Blog
June 24, 2019 Marie H.

Integrating with the Athena Health API

Integrating with the Athena Health API

Integrating with the Athena Health API

Privia Health is a physician enablement company — it manages practice operations for medical groups. That means integrating with EHR (electronic health record) systems, and one of the major ones we worked with was Athenahealth. I spent a good chunk of time building the Python integrations for appointment data, patient records, and scheduling. Here's what that actually looked like.

What the Athenahealth API Is

Athenahealth is an EHR platform used by thousands of medical practices. Their REST API exposes resources for appointments, patient demographics, clinical documents, scheduling, and billing. For backend integrations — server-to-server, no user login flow — you use the OAuth2 client credentials grant.

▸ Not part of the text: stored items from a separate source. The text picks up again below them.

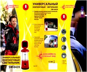 Солнечный светодиодный светильник SW-0439 благодаря своему компактному размеру, удобству в использовании и надежности станет для Вас настоящей находкой и верным спутником в походе. Вы сможете подвесить его в палатке, поставить на землю или на крышу автомобиля. Одно маленькое устройство решит проблему с освещением в походе и даст Вам возможность наслаждаться отдыхом, не забивая себе голову лишними хлопотами.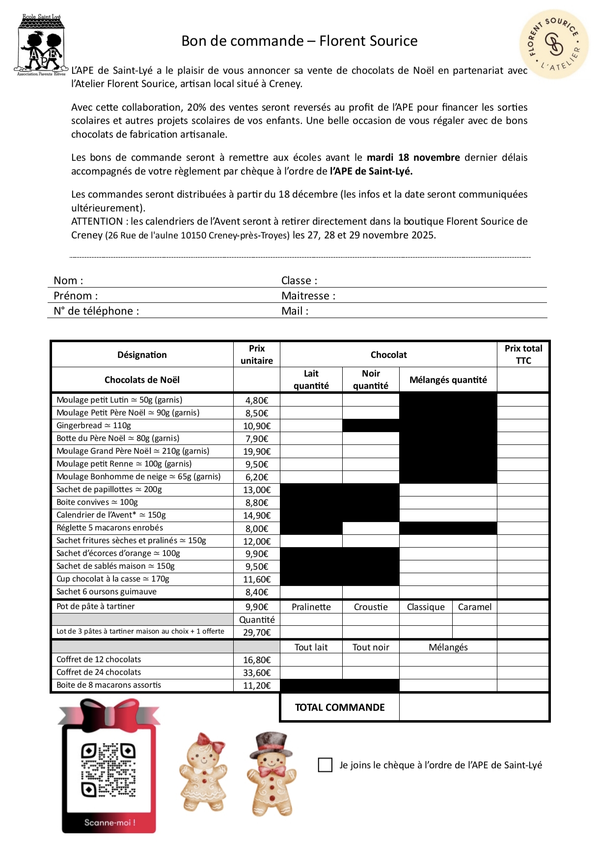 L’association des parents d’élèves vous propose une vente de chocolats et de sapins de Noël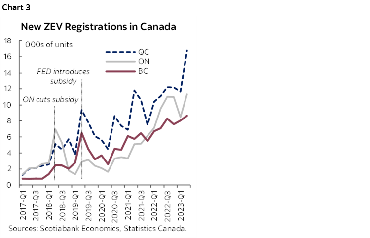 There is still lots of progress to be made towards meeting Canada’s Zero-Emission Vehicle (ZEV) sales targets. Recent sales of electric vehicles (EVs) in Canada as a share of all new motor vehicle registrations have held steady, accounting for 8.6% in Q2 and H1 of 2023, almost unchanged from Q3 2022 (8.7%). Canada’s first interim sales target is at least 20% of new light duty vehicles being ZEVs by 2026 and is a step towards 100% ZEV sales by 2035. In order to meet this first interim target, EV sales would need to more than double from the amount registered in the four quarters ending Q2 2023, when holding total sales unchanged. In Ontario, Canada’s largest provincial market by total vehicle sales, only 6.2% of new motor vehicle registrations were EVs, despite accounting for over one in four (28.2%) of national EV sales (chart 3). By contrast, slightly more than two in five (41.7%) new EVs were registered in Quebec, the second largest market by volume, making up 14.7% of total new vehicles in the province. Meanwhile one in five (21.5%) of all new EVs were registered in B.C., accounting for 15.2% of new motor vehicles registered in the province, resulting in B.C. being the province reporting the closest share to meeting Canada’s first interim sales target. Vehicle affordability will likely continue to pose a headwind towards EV sales in Canada in the near term, but risks being a major constraint as discussed in a recent report by Scotiabank Economics. While elevated financing rates are likely to pose headwinds to EV sales in the near term, a continuation of the status quo producing vehicles consumers want today may limit affordability and adds risk to meeting Canada’s 100% ZEV sales targets little more than a decade from now.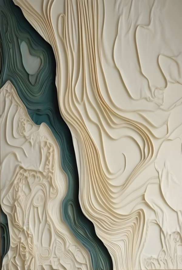 Tra le pieghe sinuose di questa piastra, la materia racconta l’incontro primordiale tra terra e abisso🌊. Le superfici avvolgenti sembrano sussurrare un viaggio antico, dove il vento scolpisce valli segrete e il tempo si deposita in strati di ricordi. Sul confine tra il bianco e il blu profondo, si avverte il passaggio di una corrente invisibile che accarezza il silenzio e risveglia la meraviglia💭.
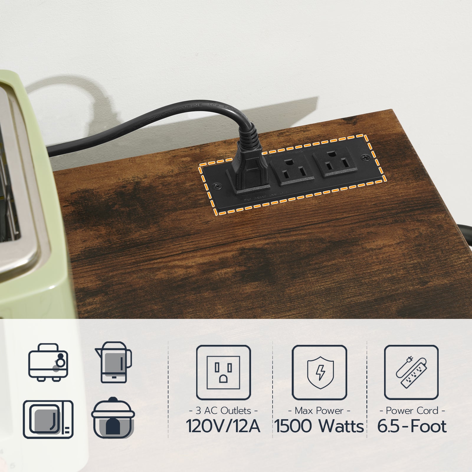 - Kitchen Island with Power Outlet: The kitchen island cart with charging station incorporates a handy socket with 3 AC outlets and a 6.56-foot long power cord, facilitating electrical access during cooking. No power shortages here, boosting your kitchen productivity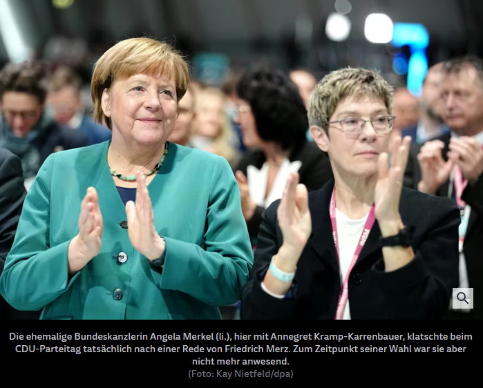 Nach dem ZDF, das in einem Beitrag KI-Bilder verwendete, nun auch bei der ARD eine falsche Darstellung. Merkel klatschte nicht bei der Wahl von Friedrich Merz zum Parteivorsitzenden. Sie hatte den Saal zu diesem Zeitpunkt schon längst verlassen.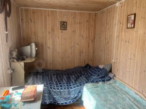 Большая комната, можно там жить. Стоит диван и все необходимое для проживания. Газовая печка и баллон, холодильник. 2 окна, одно сплошное, второе открываться.

The API is practice-scoped. Every URL includes a practiceid segment, and every credential set is authorized against specific practices. If you're building for a multi-practice group, you need to handle multiple practice IDs in your client.

OAuth2 Client Credentials Flow

import time
import requests
from typing import Optional


class AthenaAuthClient:
    """Handles OAuth2 client credentials token lifecycle."""

    TOKEN_URL_PROD = "https://api.platform.athenahealth.com/oauth2/v1/token"
    TOKEN_URL_SANDBOX = "https://api.preview.platform.athenahealth.com/oauth2/v1/token"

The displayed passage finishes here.